By 47BC the lunar calendar of the Roman Empire was out of step with the solar year by three months. Julius Caesar appointed the Greek astronomer Sosigenes to sort it out. the next year - 46BC the new calendar was introduced. Julius inserted not only the usual extra 23 days but two more months. So the year was 445 days long. It became known as "The Year of Confusion".
From then on, the current calendar now accepted intern
ationally had come into use. And it explains why September, October, November and December whose names derive from Seven, Eight, Nine and Ten, are actually the ninth, tenth, eleventh and twelfth months.
Our months date from this time when they were changed from the lunar months into divisions of the solar year.

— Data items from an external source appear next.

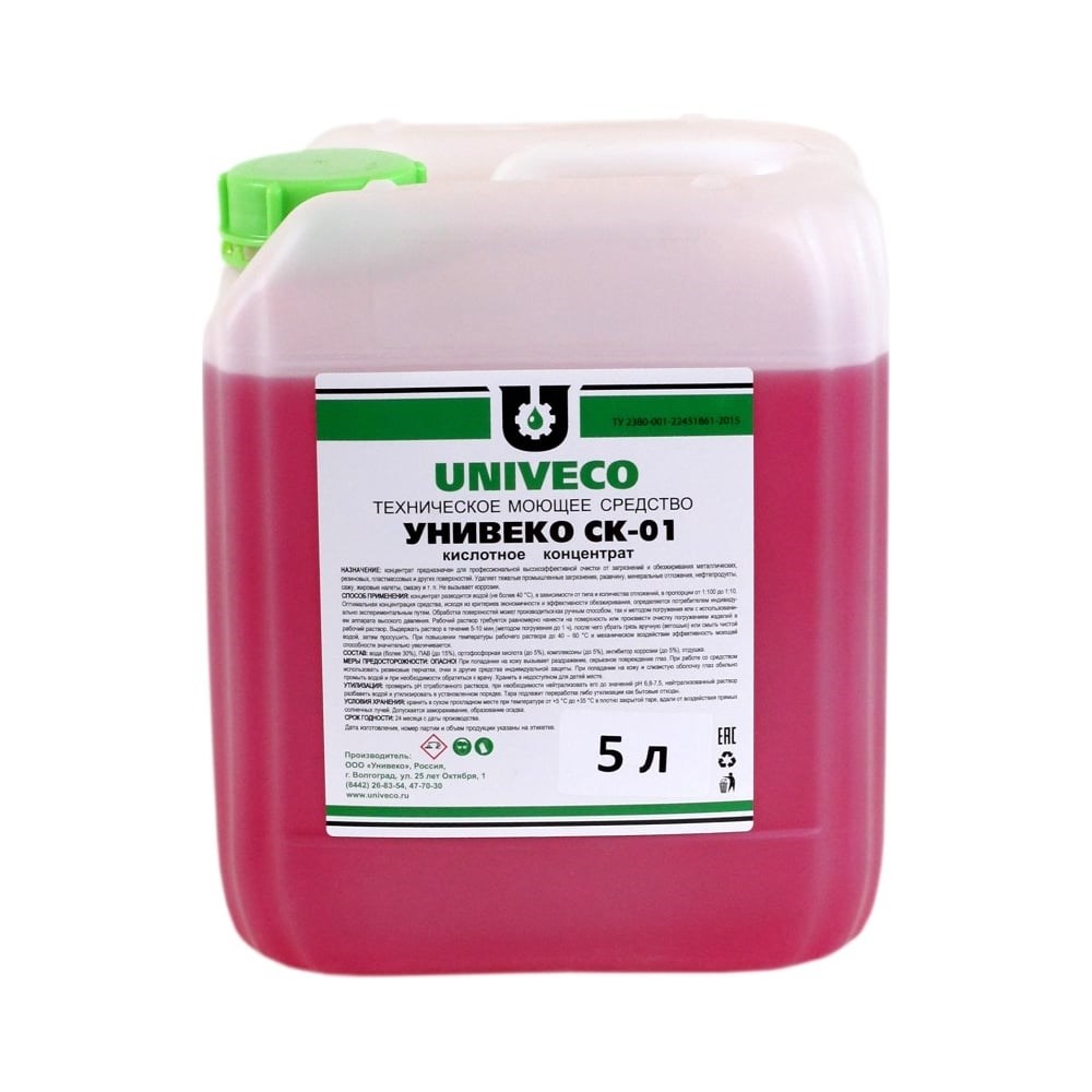Унивеко-СК-01 — концентрированное кислотное средство предназначено для профессиональной очистки металлических поверхностей от ржавчины, окислов и известковых налётов, а также очистки от следов смазки, жировых налётов и синтетических масел. Используется в качестве обезжиривателя перед нанесением лакокрасочных, гальванических, полимерных и других покрытий, является заменой уайт-спирита, ацетона, керосина. Создает защитный фосфатный слой! Способы применения: Используется в виде водного раствора. Обработка поверхностей может производиться как ручным способом, так и методом погружения или с использованием аппарата высокого давления. При повышении температуры рабочего раствора до 40-60 °С эффективность средства значительно увеличивается. Рекомендуемые концентрации: Для металлических поверхностей со слабыми загрязнениями и небольшой ржавчиной: 1-3%. Для средне загрязненных поверхностей: 5-10%. Для особо сильных загрязнений: 20%.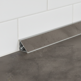 Elegáns és stílusos KRONOSPAN tömítő profil Fossil Arosa (K539) dekorban, amelyet professzionális és precíz munkalap lezárásra terveztek. A profil megbízhatóan tömíti a munkalap és a fal közötti illesztést, így hatékonyan megakadályozza a víz és szennyeződések bejutását, ugyanakkor modern és természetes kőhatást kölcsönöz a konyhának sötétszürke, grafit árnyalatban, finom textúrával és gyöngyházfényű hatással.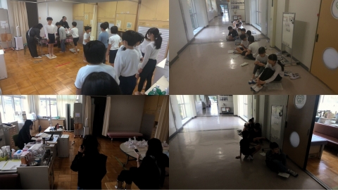第二次避難では、「おなし・はしらない・しゃべらない・もどらない」「お・は・し・も」の確認とともに、職員には、教室やトイレに人が残っていないか確認してきたか聞きました。また、避難時の体勢として、左手で右腕を持ち、右手にハンカチを持ち、口をふさぐように伝えました。

The Romans had three reference dates in the month:
The other days were numbered backwards from them. In the Julian leap year, the extra day was not placed at the end of February, as we do now, but between the 24th and 25th which was the 7th and 5th days before the Kalends of Mars. the extra day became the extra 6th day before Kalends.
The Emperor Constantine combined Christianity - a popular cult amongst the civil service, and the Sun God religion popular with the Roman army, in his ambition to create a re-united Roman Empire with himself as Emperor. His claim to see a vision of a cross on the Sun's disk could have meant something to either cult. Symbols and festivals merged into the new state religion. Christmas was taken from the Sol Invicta (Unconquered Sun) religion was supposed to be the winter solstice. The 25th March was fixed as the Spring Equinox. Both dates were not exact astronomically. There is more separately on the Guardian of the Sun, World-Surveyor-Man.
Minutes and seconds come from the Roman - pars minuta (small part) and pars secunda -(second part) They also used parte tertia etc. These were still used in the 16th century.
Fixing the actual date of the birth of Christ and numbering the years from this as the Christian Era was invented by the Scythian (from South Russia, or south Siberia) monk Dionysius Exiguus (Dennis the Little). In 532 AD he was in Rome trying to calculate the date for Easter - a contentious issue for the church at the time. He calculated that Christ's birth must have occurred in 753 A.U.C. that is 753 years from the founding of Roman (Ab Urbe Condita). He called the years after Anno ab Incarnatione (Year of Incarnation).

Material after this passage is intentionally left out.